United States' Basel II Implementation Controversy


U.S. Banks Reiterate Basel II/IA Concerns as Deadline Nears

FDIC’s Bair Fears Basel II Impasse; Fed’s Bies Urges Forward Movement, Says Market Risk Timetable Could be Pushed Back

Today was the deadline for comments regarding two notices for proposed rulemaking (NPRs): one for U.S.’s version of Basel II and one for Basel IA. Basel II is the Bank for International Settlement’s (BIS) revised capital adequacy framework for internationally active banks. U.S. banks did not warmly welcome the more strict capital requirements of BIS’s proposed Basel II, so the U.S. regulators adjusted the framework into a more conservative version. Only the largest U.S. banks would adopt Basel II, which calls for more stringent capital adequacy guidelines and gives banks an option to measure their capital adequacy requirements using a much more complicated, and costly, formula.

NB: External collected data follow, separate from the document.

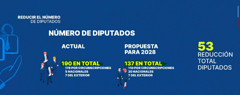La nueva propuesta realizada por Abinader en la Reforma Constitucional, es de 137 diputados, 110 por circunscripciones, 20 nacionales y 7 del exterior.
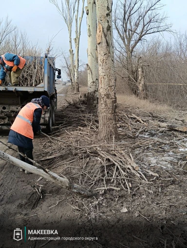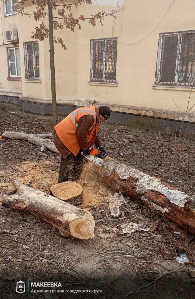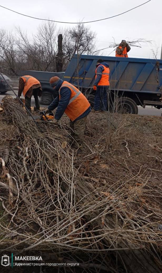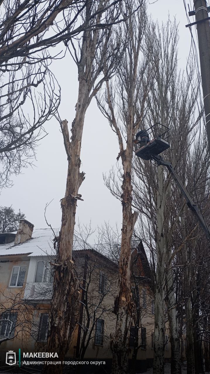 В Макеевке продолжаются работы по спилу аварийных деревьев
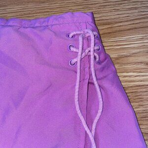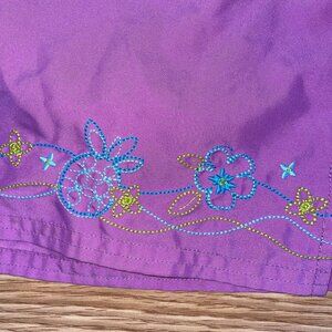 Girls Purple Embroidered Skort With Floral Design & Lace-Up Detail
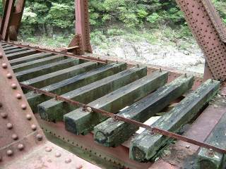 枕木の下は渓谷の激流です。足跡は流石にありません。
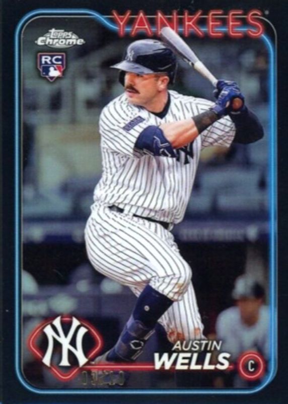 This card is 1 of 67 Austin Wells' card variations in the 2024 Topps Chrome set being tracked by Sports Card Investor, including Base, Negative Refractor, Pink Refractor, Prism Refractor, and RayWave Refractor.
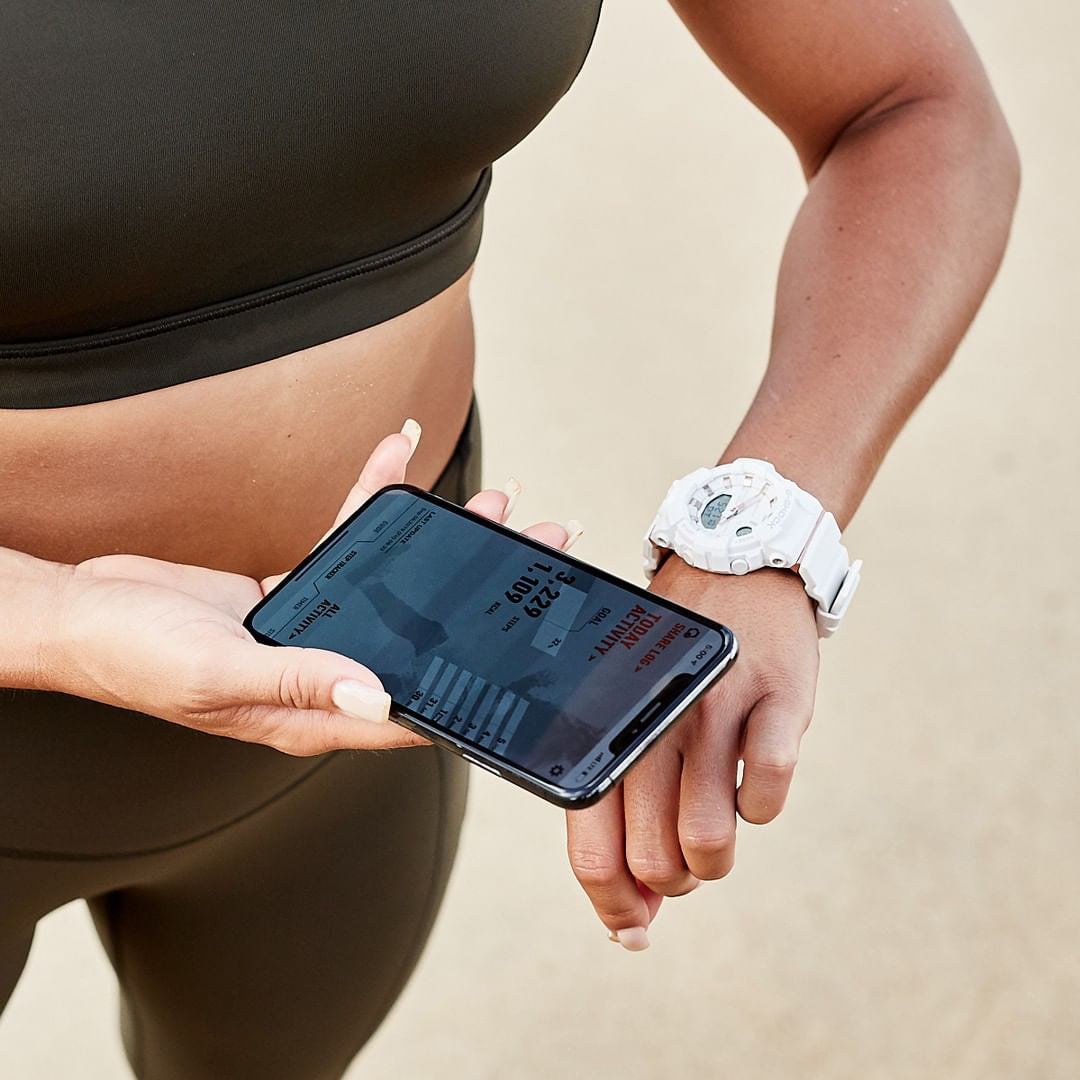 - Connectivité Intelligente : Liez votre montre à votre smartphone via Bluetooth® pour débloquer des capacités fitness supplémentaires, telles que des journaux de comptage de pas et la planification d'entraînements via l'application G-SHOCK Connected.
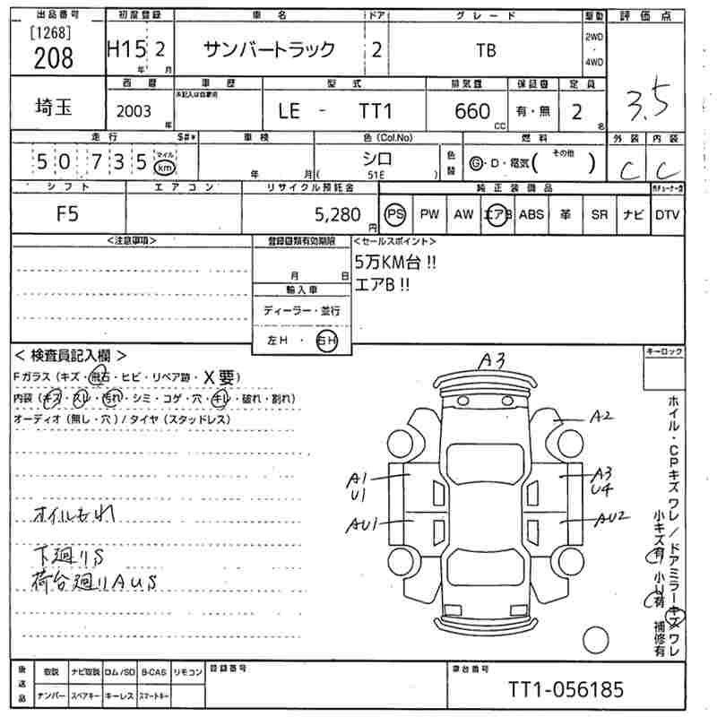 SUBARU SAMBAR TRUCK TB - лот 208
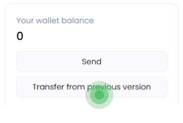 To do this, go to the Overview tab in the Your wallet balance section and click Transfer from previous version.
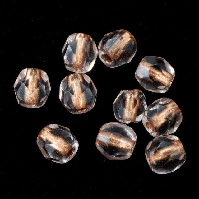 4mm Copper Lined Rose Fire Polished Bead (50 Pcs) #GBB108
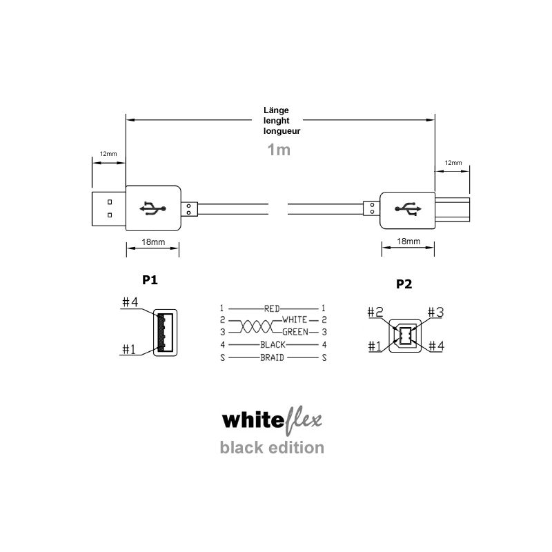 WHITEFLEX Black Edition USB 2.0 cable black + flexible 1m
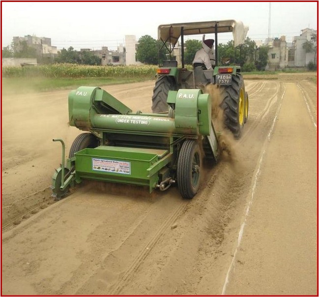 PAU Surface Seeder comprises of straw cutter-cum-spreader fitted with seed and fertilizer box attachment. This machine can be easily operated by a 40 hp tractor or above. It is a low-cost machine that does uniform application of wheat seed & and basal fertilizer along with cutting & and spreading of paddy straw in a single operation. It is followed by irrigation for initiating the germination of wheat.

In contrast, Basel IA is the United State’s answer for smaller banks, those that would not be able to afford to implement the more complicated capital adequacy formulas of Basel II. Using the more risk-sensitive goals of Basel II, Basel IA adjusts the original capital adequacy regulations (known as Basel I) into a small-bank friendly framework.

The U.S. federal banking supervisory agencies—the Federal Deposit Insurance Corporation (FDIC), the Federal Reserve Board of Governors (the Fed), the Office of the Comptroller of the Currency, and the Office of Thrift Supervision—issued the two NPRs over the past six months, but dissention, particularly over Basel II, in the industry is still prevalent as the commenting session has come to a close. On one side of the argument is the FDIC, which fears that the new framework will have adverse impacts on bank capital levels. FDIC Chairman Sheila C. Bair hopes that the comments on the NPR will be “some fresh thinking to bear on these issues, so we can ensure our decisions in this high-stakes process will be in the public interest.”

On the other side of the argument is the Fed, which is arguing to meet the current timetable (2009) of Basel II Implementation in the U.S. However, U.S. lawmakers concerned with the drop in the levels of capital in U.S. banks asked Federal Reserve Chairman Ben Bernanke to analyze whether the timetable is still feasible.

Question: The Government Accountability Office issued a report that raised transparency and ambiguity issues in the Basel II requirements. The supervisory agencies have vowed to address these and other concerns raised in the comments to both NPRs. How likely is it that the implementation timeline will remain intact if the agencies remain dedicated to address each issue?